Others
Some languages have even more grammatical voices. For example, Classical Mongolian features five voices: active, passive, causative, reciprocal, and cooperative.
The antipassive voice deletes or demotes the object of transitive verbs, and promotes the actor to an intransitive subject. This voice is very common among ergative–absolutive languages (which may feature passive voices as well), but also occurs among nominative–accusative languages.
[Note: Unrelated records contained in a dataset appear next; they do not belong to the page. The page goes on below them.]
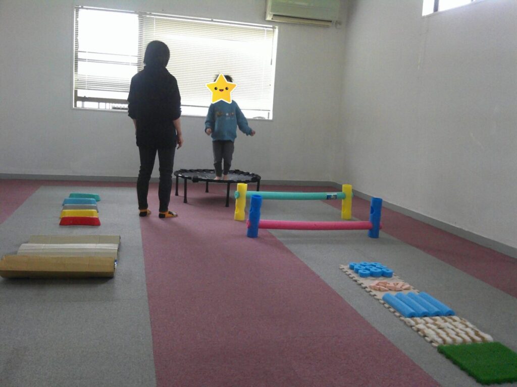 2階の広いお部屋へ移動!今日はサーキットトレーニングを行いました。ジャンプやトランポリン、キャタピラーなどたくさんの種目で身体を動かしましたよ☺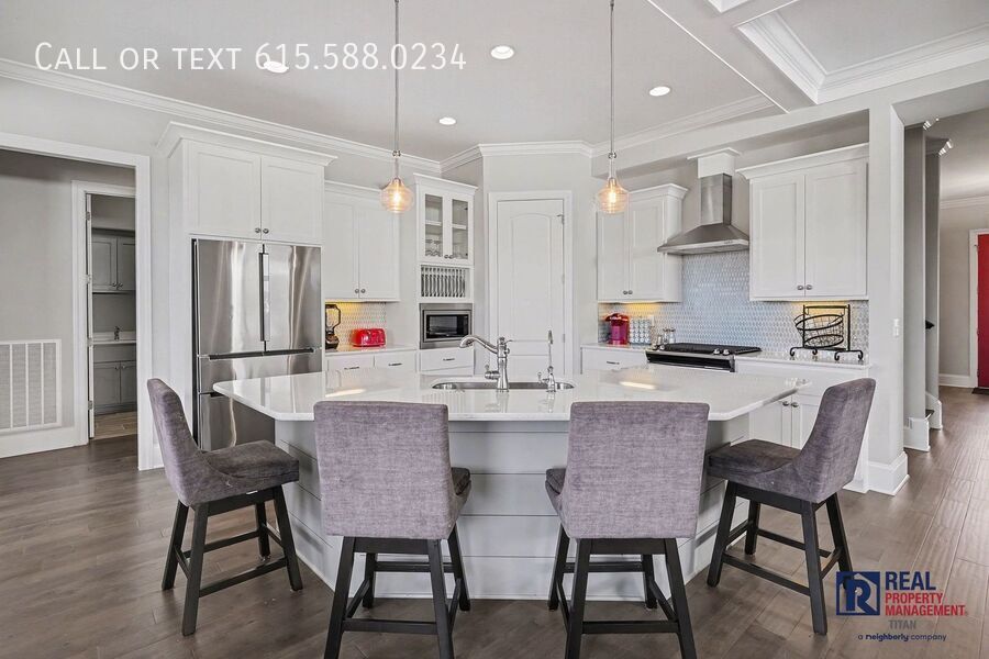 Welcome home to executive living at its finest in The Highlands of Ladd Park. This impressive 6 bedroom, 5 bathroom residence offers 4,300 square feet of beautifully designed living space, featuring scenic views and all the creature comforts of home you would expect. Thoughtfully outfitted from top to bottom, this home is truly move in ready...just bring your suitcase. This home comes fully furnished, including all linens, with a fully outfitted kitchen ready for everything from quick breakfasts to elegant dinners. Flat screen TVs are placed throughout for easy entertaining and everyday comfort. Downstairs, the finished basement is designed for fun and relaxation. Enjoy a pool table, dart board, PlayStation, and a wine cooler, creating the perfect space for hosting guests or unwinding after a long day. Modern conveniences and peace of mind are built in, including a Ring Security System and a whole home water softener. Every detail has been considered to support a comfortable, executive lifestyle. Located in the highly sought after Highlands of Ladd Park, this home combines upscale living with scenic surroundings, offering both privacy and community. Amenities in this master planned community feature a Junior Olympic Pool w/Cabana & children's pool, Clubhouse, Playground, 10 miles of walking/running trails and 90 acres of pocket parks and open space. Zoned for award winning Williamson County Schools, this home is conveniently located near the new In-N-Out headquarters, Ramsey Solutions and other corporate offices. Numerous shopping and dining options await in nearby Berry Farms, Historic Downtown Franklin and Cool Springs...all mere minutes away. Digital lock for showing purposes only. Pet-friendly for approved small dogs. Onboarding and technology charges apply (see the photo slide deck for additional information). If you are looking for a fully furnished executive lease that blends comfort, space, and style, this residence delivers on every level. Book your convenient self-showing today: call or apply now at before this one is gone. None
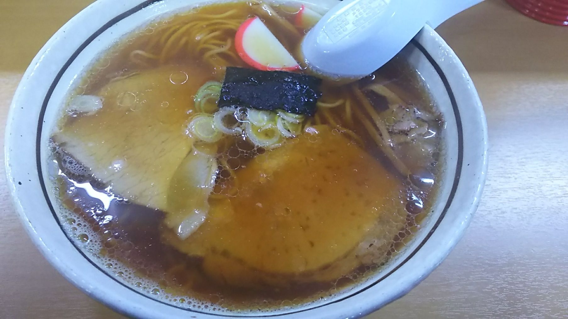 先に帰るという奥さんと別れて、一人ぼっちで、中華そばをすすりました。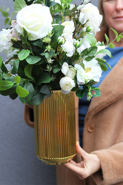 Bajeczne połączenie tych ponadczasowych kwiatów i nowoczesnego kształtu naczynia daje dekorację, która wspaniale będzie wyglądać w kazdym otoczeniu.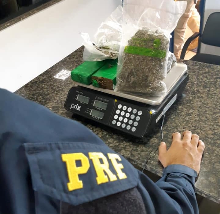 Uma mala com quase 2 kg de maconha foi apreendida por agentes da Polícia Rodoviária Federal (PRF), na tarde desta segunda-feira (18), em um ônibus que saiu de Cascavel (PR) com destino a Rio Branco (AC).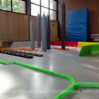 Innerhalb von fünf Minuten fielen insgesamt 38.642 der aufgebauten 42.800 Dominosteine und bescherten dem Team einen neuen hessischen Landesrekord, der zuvor bei 37.014 Steinen gelegen hatte.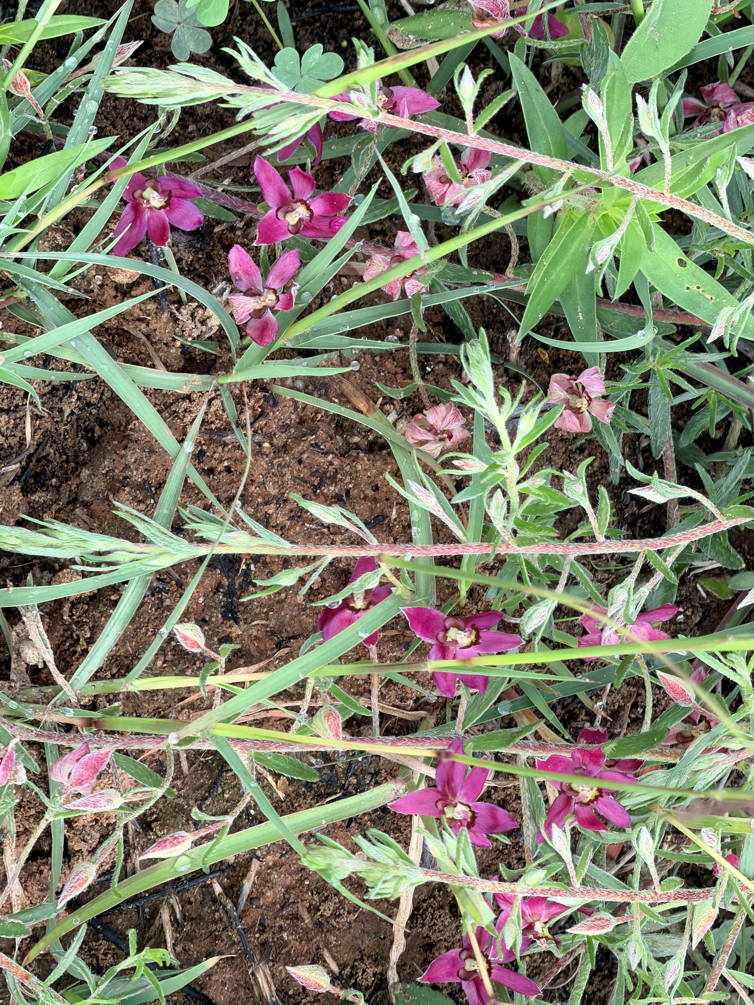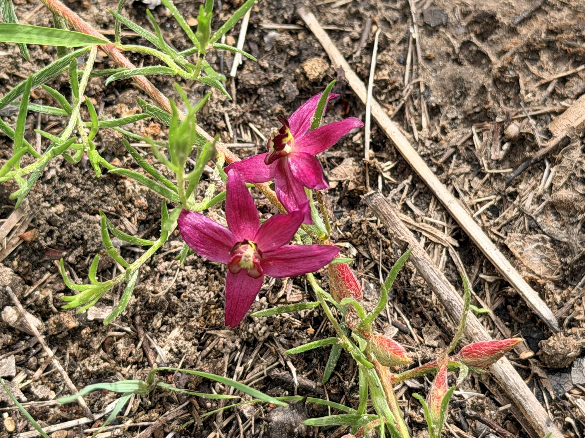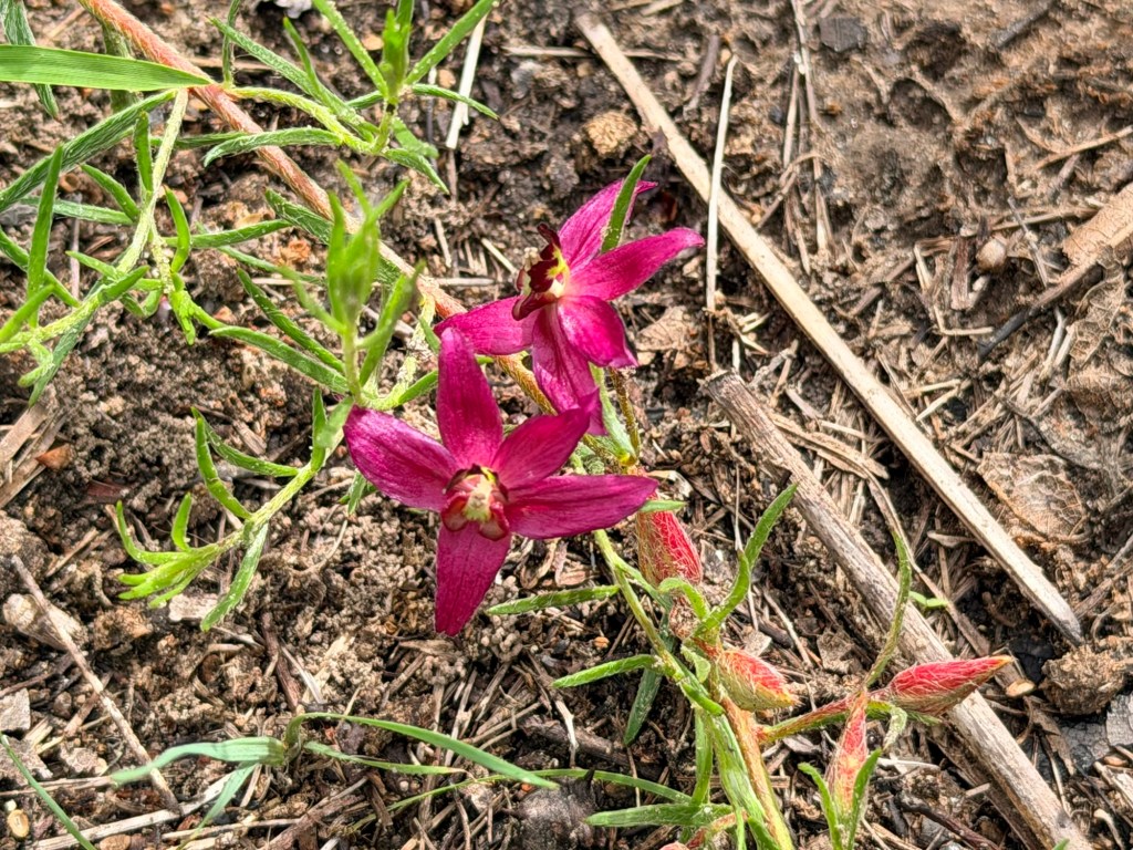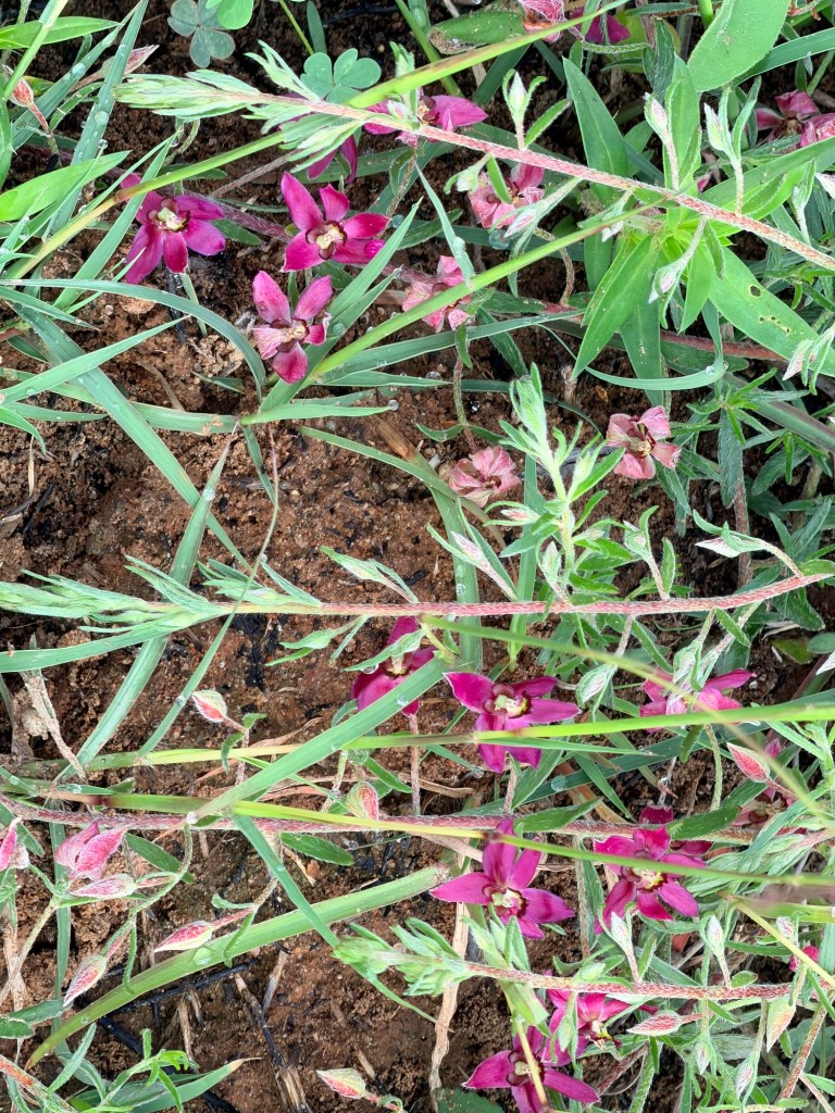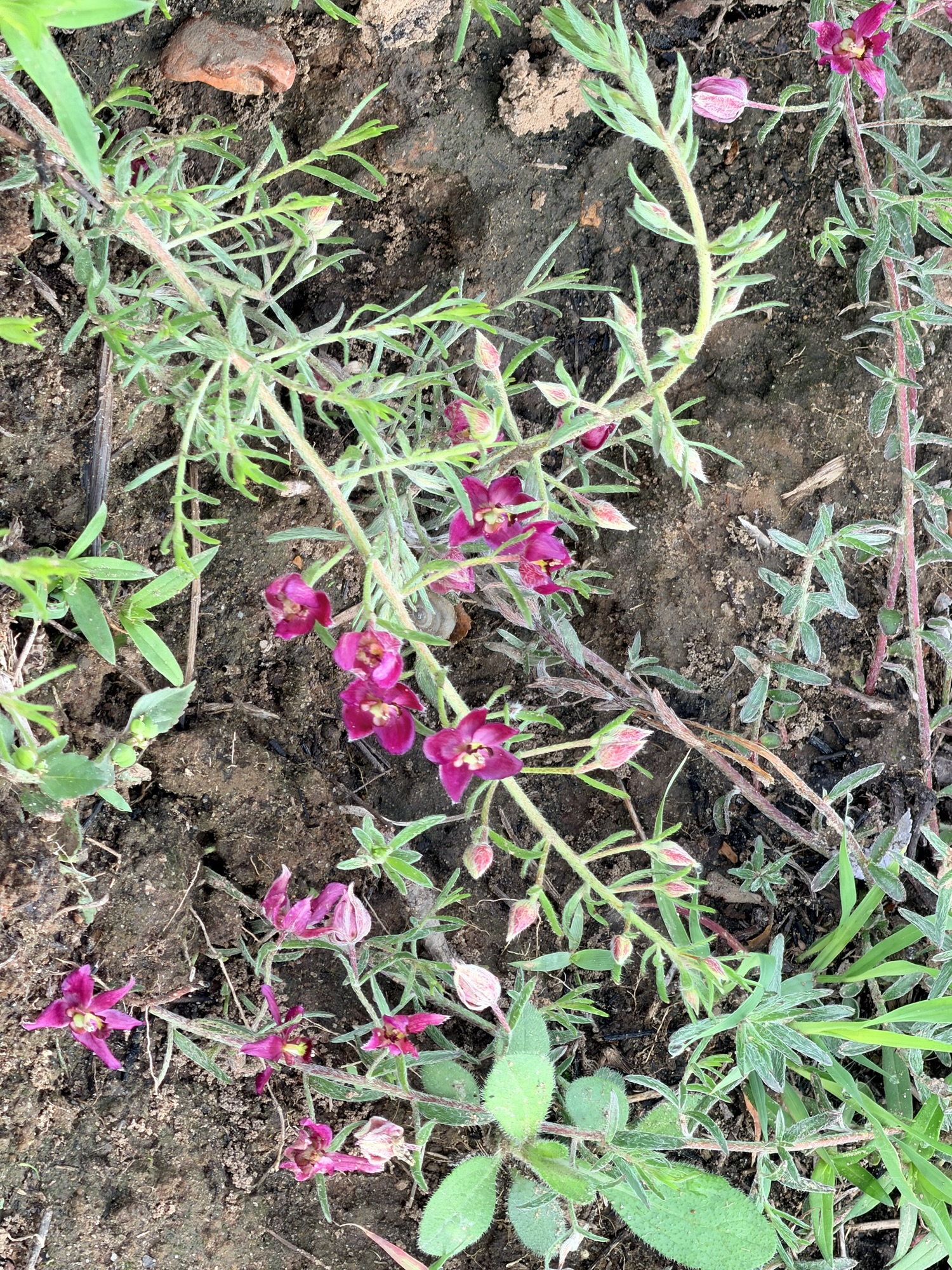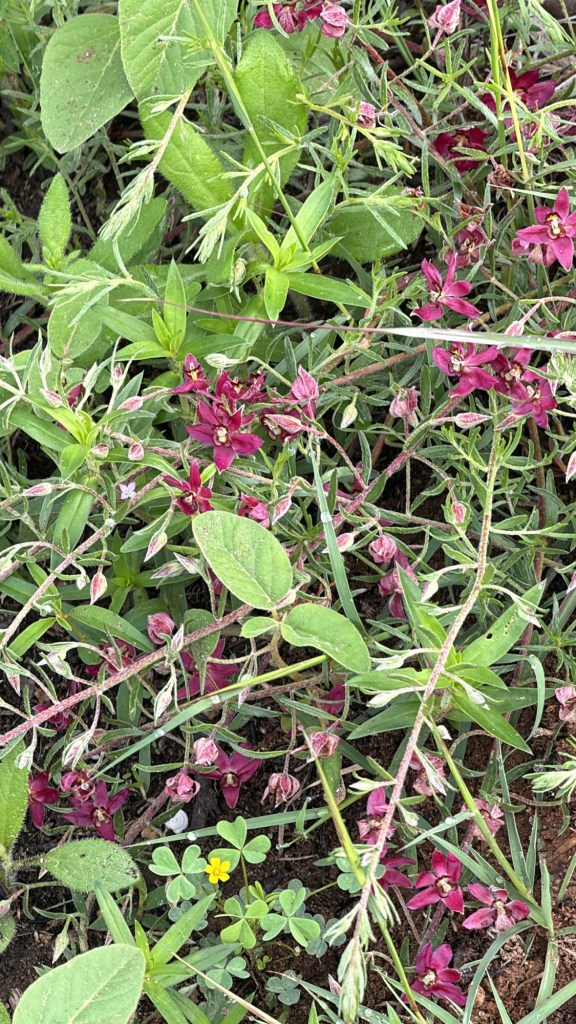 Anyway, the point is that the number and variety of wildflowers I encountered on the burned grassland astonished me. I found myself muttering and exclaiming to myself as I encountered one beautiful plant after another. For example, there was a carpet of trailing Rhatany (Krameria lanceolata) in many places. This is a deep red blossom that’s unforgettable.

There are also constructions in some languages that appear to change the valence of a verb, but in fact do not. So called hierarchical or inversion languages are of this sort. Their agreement system will be sensitive to an external person or animacy hierarchy (or a combination of both): 1 > 2 > 3 or Anim > Inan and so forth. E.g., in Meskwaki (an Algonquian language), verbs inflect for both subject and object, but agreement markers do not have inherent values for these. Rather, a third marker, the direct or inverse marker, indicates the proper interpretation: ne-wa:pam-e:-w-a "I am looking at him", but ne-wa:pam-ekw-w-a "He is looking at me". Some scholars (notably Rhodes) have analyzed this as a kind of obligatory passivization dependent on animacy, while others have claimed it is not a voice at all, but rather see inversion as another type of alignment, parallel to nominative–accusative, ergative–absolutive, split-S, and fluid-S alignments.